Александр Зонин - Морское братство
Командир отряда не прерывал раздумий Николая Ильича. Буркнув что-то об усталости и желании вздремнуть перед бессонной ночью, лег на узкий диван и прерывистым свистом с всхрапыванием возвестил, что считает все дела отряда приведенными в полную ясность.
Захватив труд Макарова, Долганов решил записать кое-что в развитие своих пометок на полях книги, но свист и храп Ручьева мешали ему сосредоточиться. Упрекая себя в развинченности и барстве, Долганов снял с вешалки реглан и пошел к механику. Корабль был затемнен, но на узких и крутых трапах командир «Упорного» давно привык ходить не глядя. Он был, так сказать, коренной миноносник и горячий патриот этих легких кораблей, которые с четырехсоттонников в начале века, через передовой для своего времени тип «Новиков», шагнули за две и три тысячи тонн, обладали великолепной скоростью, маневренностью и значительной артиллерией наряду с развитым торпедным оружием. Для Долганова миноносцы были легкими крейсерами, и в своих тактических мечтаниях он отводил им именно крейсерские задачи. Однако Долганов судил о тактических данных миноносцев трезво.

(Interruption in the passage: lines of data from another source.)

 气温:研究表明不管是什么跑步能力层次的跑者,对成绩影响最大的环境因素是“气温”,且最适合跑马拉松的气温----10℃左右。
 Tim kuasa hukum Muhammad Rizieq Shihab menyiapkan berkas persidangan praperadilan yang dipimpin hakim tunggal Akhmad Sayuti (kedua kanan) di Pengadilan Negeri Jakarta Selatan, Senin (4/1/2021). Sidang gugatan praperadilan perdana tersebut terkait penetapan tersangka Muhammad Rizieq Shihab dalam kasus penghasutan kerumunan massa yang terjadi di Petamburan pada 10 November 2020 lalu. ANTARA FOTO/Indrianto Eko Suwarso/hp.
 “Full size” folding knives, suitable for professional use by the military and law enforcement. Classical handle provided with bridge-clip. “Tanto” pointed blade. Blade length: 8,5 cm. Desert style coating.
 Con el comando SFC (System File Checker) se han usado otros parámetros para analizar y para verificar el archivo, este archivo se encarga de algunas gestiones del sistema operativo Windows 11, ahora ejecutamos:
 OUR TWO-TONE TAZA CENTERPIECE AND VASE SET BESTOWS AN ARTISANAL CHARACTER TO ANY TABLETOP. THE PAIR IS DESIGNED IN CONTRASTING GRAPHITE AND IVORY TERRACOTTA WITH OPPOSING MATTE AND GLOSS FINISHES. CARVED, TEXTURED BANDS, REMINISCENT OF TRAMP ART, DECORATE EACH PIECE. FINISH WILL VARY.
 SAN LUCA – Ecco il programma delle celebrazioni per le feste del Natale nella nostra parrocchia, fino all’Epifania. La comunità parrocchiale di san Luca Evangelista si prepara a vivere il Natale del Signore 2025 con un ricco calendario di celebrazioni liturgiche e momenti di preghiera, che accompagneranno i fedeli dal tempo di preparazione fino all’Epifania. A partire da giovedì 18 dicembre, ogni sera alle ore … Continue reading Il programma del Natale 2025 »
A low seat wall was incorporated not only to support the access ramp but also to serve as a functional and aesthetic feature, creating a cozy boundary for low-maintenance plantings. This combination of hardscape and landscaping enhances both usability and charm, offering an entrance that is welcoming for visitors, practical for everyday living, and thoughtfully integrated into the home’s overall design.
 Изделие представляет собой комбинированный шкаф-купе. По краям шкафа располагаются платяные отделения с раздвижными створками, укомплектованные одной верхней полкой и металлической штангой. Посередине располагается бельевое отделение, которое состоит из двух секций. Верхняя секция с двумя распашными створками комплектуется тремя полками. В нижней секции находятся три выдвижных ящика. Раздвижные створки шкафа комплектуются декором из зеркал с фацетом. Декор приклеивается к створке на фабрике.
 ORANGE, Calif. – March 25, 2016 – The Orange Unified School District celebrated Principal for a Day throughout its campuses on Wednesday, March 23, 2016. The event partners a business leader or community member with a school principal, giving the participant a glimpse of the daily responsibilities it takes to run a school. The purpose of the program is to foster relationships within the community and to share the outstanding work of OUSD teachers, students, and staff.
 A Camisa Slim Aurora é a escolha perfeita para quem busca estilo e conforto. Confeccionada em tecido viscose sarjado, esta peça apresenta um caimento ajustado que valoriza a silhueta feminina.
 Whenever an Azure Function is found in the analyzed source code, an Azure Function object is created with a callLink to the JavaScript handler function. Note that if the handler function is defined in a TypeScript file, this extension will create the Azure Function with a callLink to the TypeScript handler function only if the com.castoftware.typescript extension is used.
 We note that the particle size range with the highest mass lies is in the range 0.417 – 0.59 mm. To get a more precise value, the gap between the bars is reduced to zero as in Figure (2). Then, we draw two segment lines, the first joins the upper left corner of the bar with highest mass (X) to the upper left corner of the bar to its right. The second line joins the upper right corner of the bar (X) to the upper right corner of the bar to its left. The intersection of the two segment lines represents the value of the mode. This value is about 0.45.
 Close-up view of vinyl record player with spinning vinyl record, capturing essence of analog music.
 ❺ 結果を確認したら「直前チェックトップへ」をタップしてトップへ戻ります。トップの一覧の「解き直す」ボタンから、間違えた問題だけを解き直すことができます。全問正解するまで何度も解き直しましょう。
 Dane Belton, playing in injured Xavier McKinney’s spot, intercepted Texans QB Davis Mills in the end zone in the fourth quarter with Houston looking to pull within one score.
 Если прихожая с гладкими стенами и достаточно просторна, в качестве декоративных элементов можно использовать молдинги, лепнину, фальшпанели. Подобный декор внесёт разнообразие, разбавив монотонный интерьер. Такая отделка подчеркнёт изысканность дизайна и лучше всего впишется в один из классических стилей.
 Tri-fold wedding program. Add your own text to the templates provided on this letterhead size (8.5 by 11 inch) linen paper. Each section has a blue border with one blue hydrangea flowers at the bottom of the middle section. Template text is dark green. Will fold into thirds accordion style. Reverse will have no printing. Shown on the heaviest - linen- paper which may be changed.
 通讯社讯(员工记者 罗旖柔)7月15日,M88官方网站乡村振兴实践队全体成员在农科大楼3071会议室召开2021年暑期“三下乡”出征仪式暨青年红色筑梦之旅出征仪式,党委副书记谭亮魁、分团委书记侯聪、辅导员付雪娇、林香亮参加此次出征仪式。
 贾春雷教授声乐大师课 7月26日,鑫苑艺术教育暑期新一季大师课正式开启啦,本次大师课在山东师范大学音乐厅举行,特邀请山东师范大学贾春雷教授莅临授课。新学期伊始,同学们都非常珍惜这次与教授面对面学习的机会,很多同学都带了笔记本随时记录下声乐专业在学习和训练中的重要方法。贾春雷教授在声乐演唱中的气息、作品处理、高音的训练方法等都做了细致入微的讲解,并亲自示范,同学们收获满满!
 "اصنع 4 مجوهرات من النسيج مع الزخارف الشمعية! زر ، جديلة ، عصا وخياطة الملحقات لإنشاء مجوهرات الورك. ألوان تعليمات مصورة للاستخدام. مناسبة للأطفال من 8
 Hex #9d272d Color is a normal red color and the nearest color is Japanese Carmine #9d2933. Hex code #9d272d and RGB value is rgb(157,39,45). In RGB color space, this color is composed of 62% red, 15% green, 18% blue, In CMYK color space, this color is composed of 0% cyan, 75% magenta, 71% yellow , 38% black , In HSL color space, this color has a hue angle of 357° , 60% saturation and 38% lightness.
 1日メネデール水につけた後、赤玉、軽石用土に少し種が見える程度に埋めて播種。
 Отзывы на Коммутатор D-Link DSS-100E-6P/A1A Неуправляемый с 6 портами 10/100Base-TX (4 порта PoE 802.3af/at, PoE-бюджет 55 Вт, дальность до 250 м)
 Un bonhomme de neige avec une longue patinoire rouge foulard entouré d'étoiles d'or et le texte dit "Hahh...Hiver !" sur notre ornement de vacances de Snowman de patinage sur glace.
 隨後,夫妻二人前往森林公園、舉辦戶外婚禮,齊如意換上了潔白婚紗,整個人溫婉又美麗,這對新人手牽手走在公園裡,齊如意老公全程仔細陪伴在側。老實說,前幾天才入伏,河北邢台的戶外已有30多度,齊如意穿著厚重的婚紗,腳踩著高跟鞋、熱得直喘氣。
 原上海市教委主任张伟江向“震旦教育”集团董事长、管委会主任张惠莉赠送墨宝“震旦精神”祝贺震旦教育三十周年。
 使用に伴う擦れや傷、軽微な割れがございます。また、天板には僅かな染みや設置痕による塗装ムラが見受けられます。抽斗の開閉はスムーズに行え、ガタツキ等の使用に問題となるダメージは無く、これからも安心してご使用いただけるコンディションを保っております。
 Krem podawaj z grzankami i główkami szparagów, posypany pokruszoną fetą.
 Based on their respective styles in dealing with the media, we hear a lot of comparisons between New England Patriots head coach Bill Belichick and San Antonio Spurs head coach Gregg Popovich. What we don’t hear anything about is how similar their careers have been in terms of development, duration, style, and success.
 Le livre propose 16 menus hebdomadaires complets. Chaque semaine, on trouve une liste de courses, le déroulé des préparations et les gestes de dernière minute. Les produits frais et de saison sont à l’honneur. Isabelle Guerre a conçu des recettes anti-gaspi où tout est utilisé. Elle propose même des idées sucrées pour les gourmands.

Многое — видел он — нужно для совершенствования кораблей в лелеянном им направлении, и над этим он работал чуть ли не со дня, когда после штурманского класса твердо избрал службу на миноносцах.
«Хочет быть первым на деревне» — говорили на флоте, узнав, что Долганов вновь отказался от интересной штабной должности или от перевода на корабль первого ранга. И Долганов не опровергал этих злых домыслов. Понимал — объяснению, что он изучает достоинства и недостатки миноносцев для оперативно-тактических выводов и обобщения требований строителям кораблей, мало кто поверит, и даже приятели вроде Неделяева станут подтрунивать: Долганов, дескать, считает себя умнее академиков и адмиралов.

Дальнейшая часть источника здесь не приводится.